[商管] [統計] 94政大風管(精算組)
http://small.lib.nccu.edu.tw/exam/data/master/ins/ins94.pdf
想請教的是精算組統計2,4,5
_ _
2. Tn = (Xn - u) , where Xn and Sn^2 represent the mean and
---------- the variance of a random sample of size n
√(Sn^2/ (n-1)) from a distribution that is N(u, sigma^2).

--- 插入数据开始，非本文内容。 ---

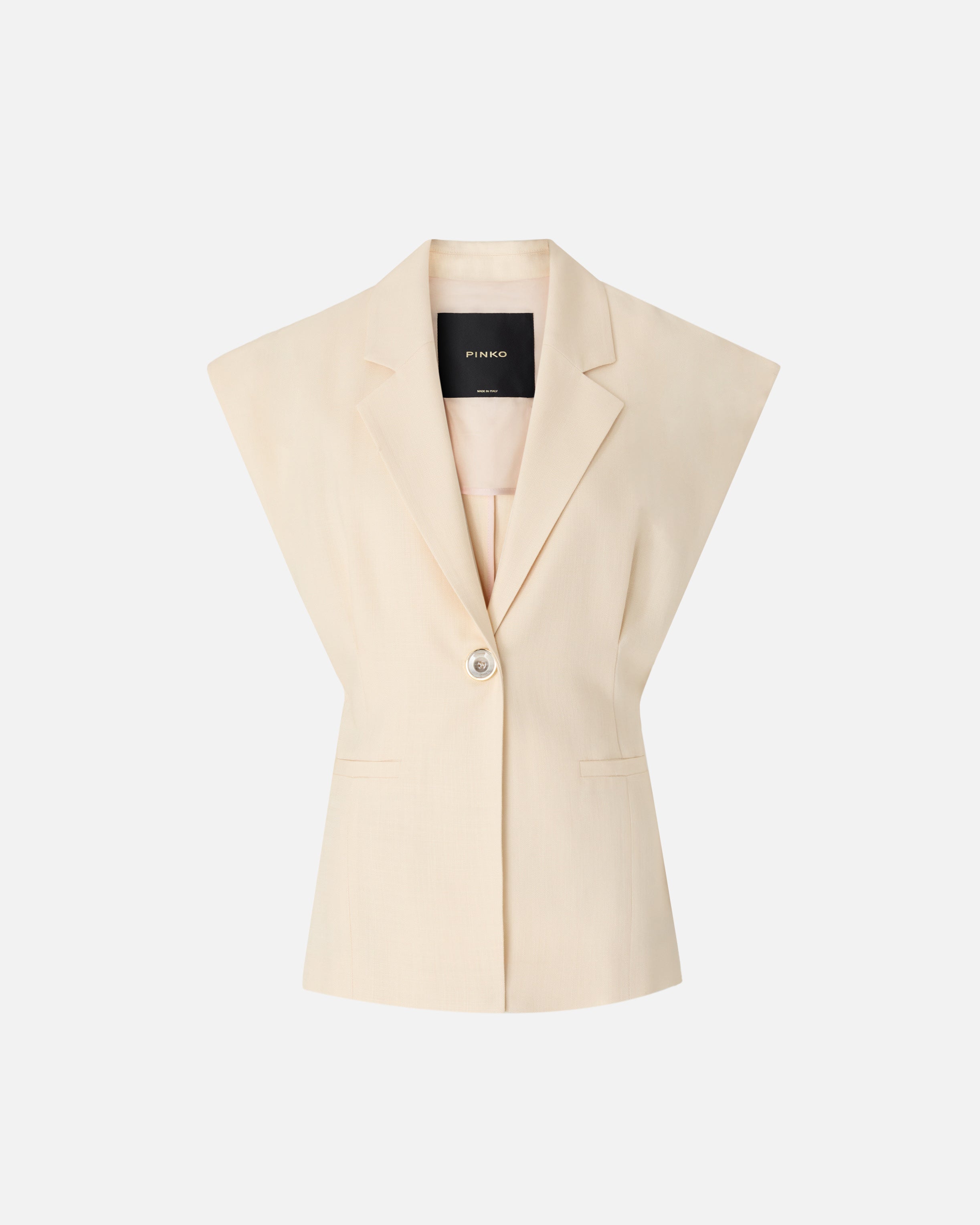 Chaqueta sin mangas confeccionada en un tejido panamá que evoca el inconfundible aspecto rústico del lino para crear un look elegante y desenfadado. La prenda presenta un cierre de botonadura simple con un botón y se caracteriza por solapas clásicas, dos refinados bolsillos de ribete y pinzas en la parte delantera y trasera que dan forma a la cintura. El forro tono sobre tono confeccionado en algodón puro garantiza una mayor comodidad. Ponte esta chaqueta con la falda a juego para crear un total look femenino ideal para ocasiones formales.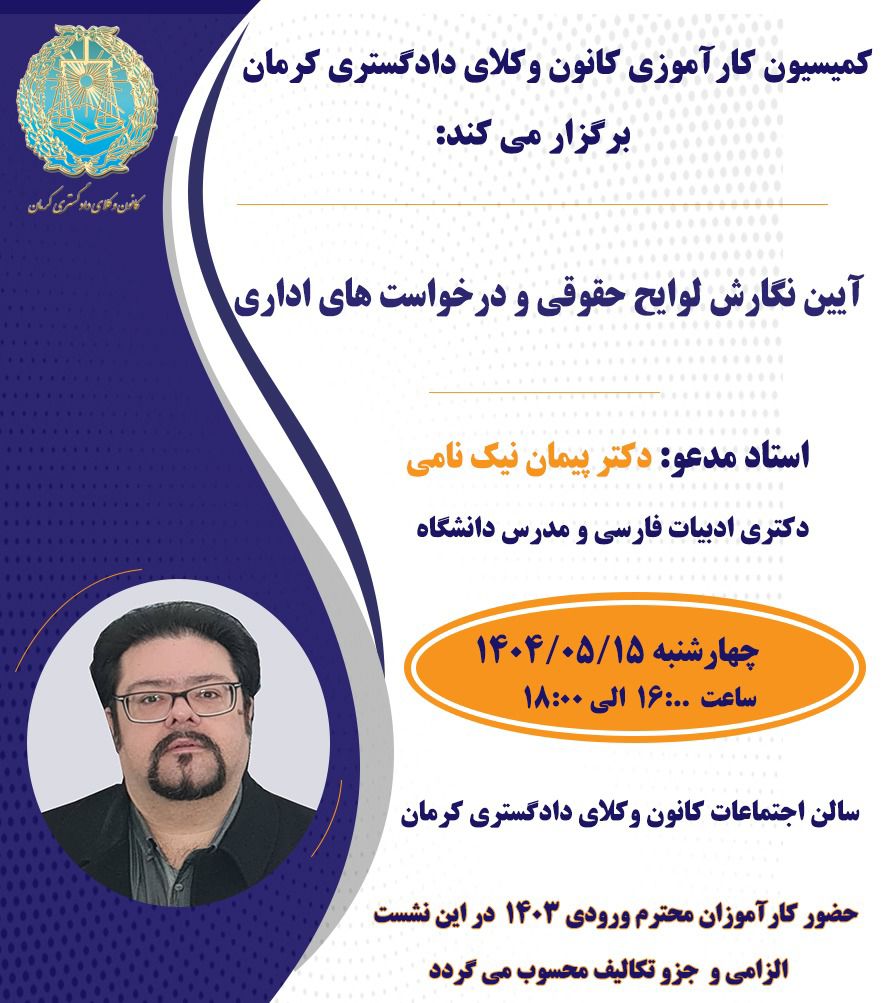 به همت کمیسیون کارآموزی کانون وکلای دادگستری استان کرمان و تدریس استاد محترم دکتر پیمان نیک نامی

Find the limiting distribution of Tn.
You are also require to justify your result.
我想到的的做法只有一半Orz,要麻煩高手指點了
(1) _
X - u
-------- d收斂至 N(0,1) by CLT
sigma/√n
(2) 應該是可以湊出一個東西用 WLLN p收斂到一個常數c,
前幾天算是1,結果現在覺得好像那天算錯,然後現在算不出來了。
然後(1)/(2), by slutzky, 知道 收斂到 N(0,1)/c = N(0,1/c^2)
順便借這題問一下96年精算組統計第二題(b)小題
http://small.lib.nccu.edu.tw/exam/data/master/ins/ins96.pdf
96年第二題(b)小題,問的是"分配",是t(n-1)
94年第二題,問的是"極限分配",是N
不知道我的認知有沒有錯誤,謝謝。
4.5.兩題就完全下不了手。
4.Let n(x) and N(x) be the p.d.f. and the distribution function
of a distribution that is N(0,1).
Let Y have truncated distribution with p.d.f. g(y)= n(y) , b < y < a
---------
N(a)-N(b)
zero elsewhere. Find E(Y).
5.If X1, X2 is a random sample from a distribution that is N(0,1)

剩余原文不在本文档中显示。